$1$.) I count 16 as well:
$D_{12}$ itself and the identity (trivial) subgroup.
$\langle r\rangle,\langle r^2\rangle, \langle r^3\rangle$
Two isomorphs of $S_3$: $\langle r^2,s\rangle$ and $\langle r^2,rs\rangle$.
Three isomorphs of $V$: $\langle r^3,s\rangle$, $\langle r^3,rs\rangle$ and $\langle r^3,r^2s\rangle$.
Six subgroups generated by a single reflection $\langle r^ks\rangle$ for $k = 0,1,2,3,4,5$.
$2$.) Yes, you want to find the normalizers in $D_{12}$. This is the entire group (as these are all normal) for the first seven subgroups listed, which greatly simplifies things.
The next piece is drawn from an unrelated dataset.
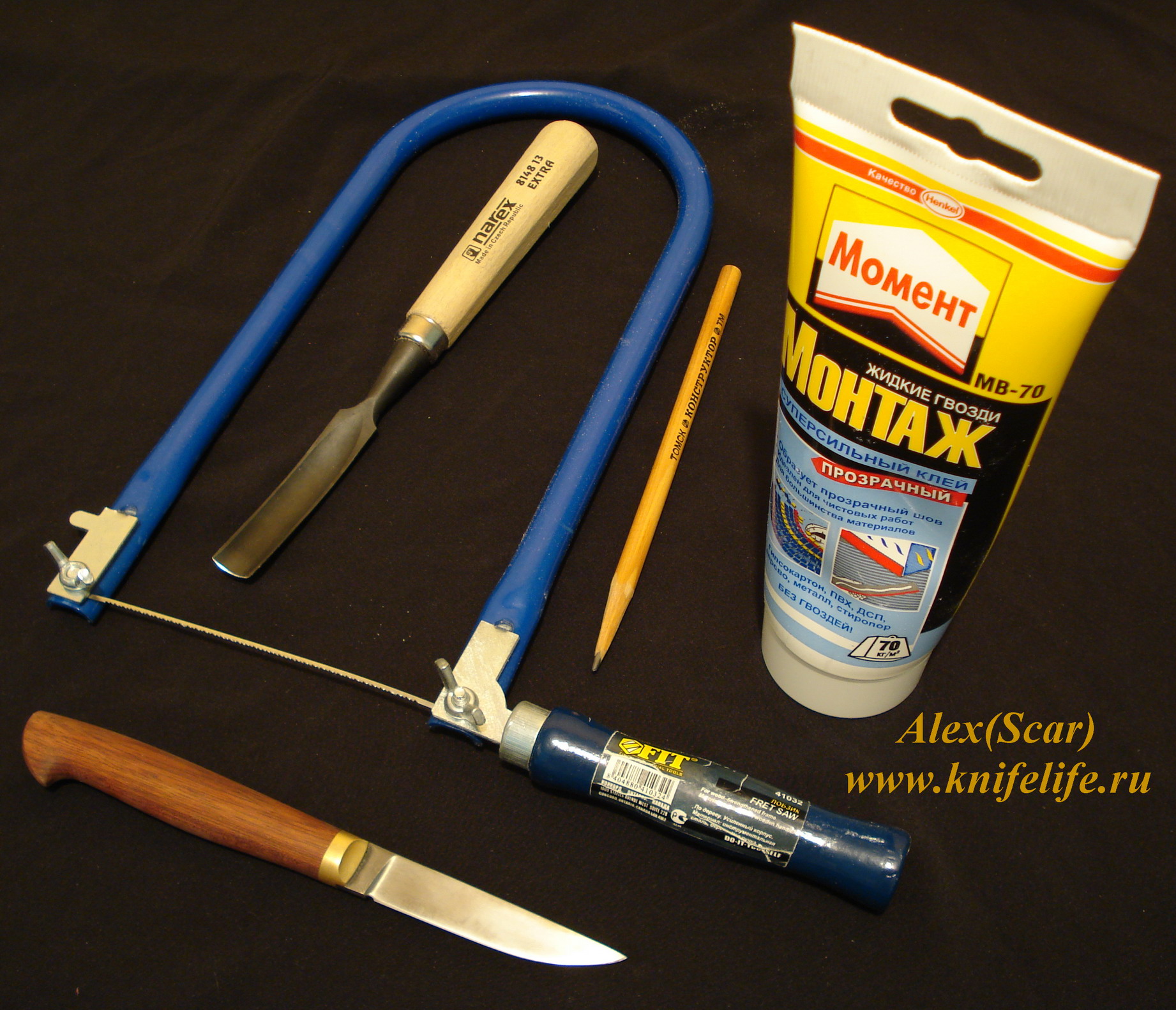 а это все, что понадобилось для изготовления: чешская стамеска(дорогая собака -800р), лобзик, чебурковский маленький дамасковый фикс, карандаш и жидкие гвозди. Осиновые наличники фотать не стал! :lol:

The isomorphs of $V$ are non-normal but of prime index, so they must be their own normalizers. It is clear that the normalizers of the reflection-generated subgroups of order 2 must be an isomorph of $V$ (the isomorphs of $V$ are abelian so they normalize any subgroup), as $S_3$ has no normal subgroups of order 2 (we are using the fact that the normalizer of a subgroup $H$ in a group $G$ is the largest subgroup of $G$ containing $H,$ in which $H$ is normal).
$3$.) Finding the orbits by brute force is not so bad: the seven normal subgroups will all have a single element of just themselves in their orbits, because they are stabilized by all of $D_{12}$. From Sylow theory (or by inspection), we see the isomorphs of $V$ are all conjugate, so there is another orbit (remember conjugation preserves order of subgroups), and we are left with finding the orbits of the reflection-generated subgroups.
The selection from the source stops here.